Harikumar Sankaran, Anh Nguyen and Jayashree Harikumar
The purpose of this paper is to examine the relation between extreme return correlation and return volatility, in the context of US stock indexes, by detecting clusters of extreme…
Abstract
Purpose
The purpose of this paper is to examine the relation between extreme return correlation and return volatility, in the context of US stock indexes, by detecting clusters of extreme returns using return and volatility thresholds based on an algorithm suggested in Laurini.

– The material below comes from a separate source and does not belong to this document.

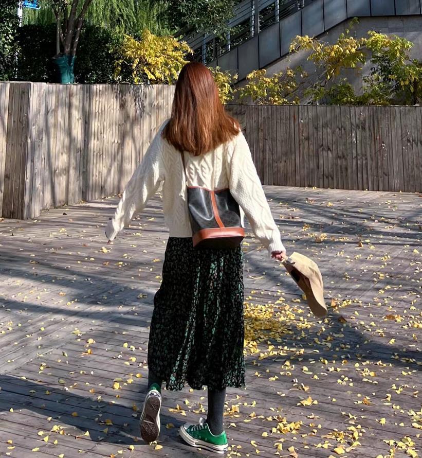 寬鬆一點的毛衣,穿起來才更休閒舒適,結合印花半裙,又多了幾分俏皮靈氣,注意印花元素不要太明豔,簡繁結合就行。

Design/methodology/approach
The daily returns and conditional volatilities estimated using GARCH (1, 1) serve as inputs to the two threshold algorithm that detects extreme return clusters. The analysis of the relation between correlation and volatility is then based on the extent of overlapping extreme return clusters across DJIA, S&P 500 and NASDAQ composite.
Findings
It is found that the correlation positive extreme returns within overlapping clusters significantly increases with volatility between DJIA and S&P 500. The authors did not find any significant change in the pair‐wise correlation between the positive extreme returns within overlapping clusters in each of these indexes with those of NASDAQ composite.
Originality/value
Prior researches examine extreme returns by using a return threshold and have found mixed results on the relation between correlation and volatility. This paper examines the relation between correlation and volatility between clusters of extreme returns and provides consistent results that are of vital interest to investors.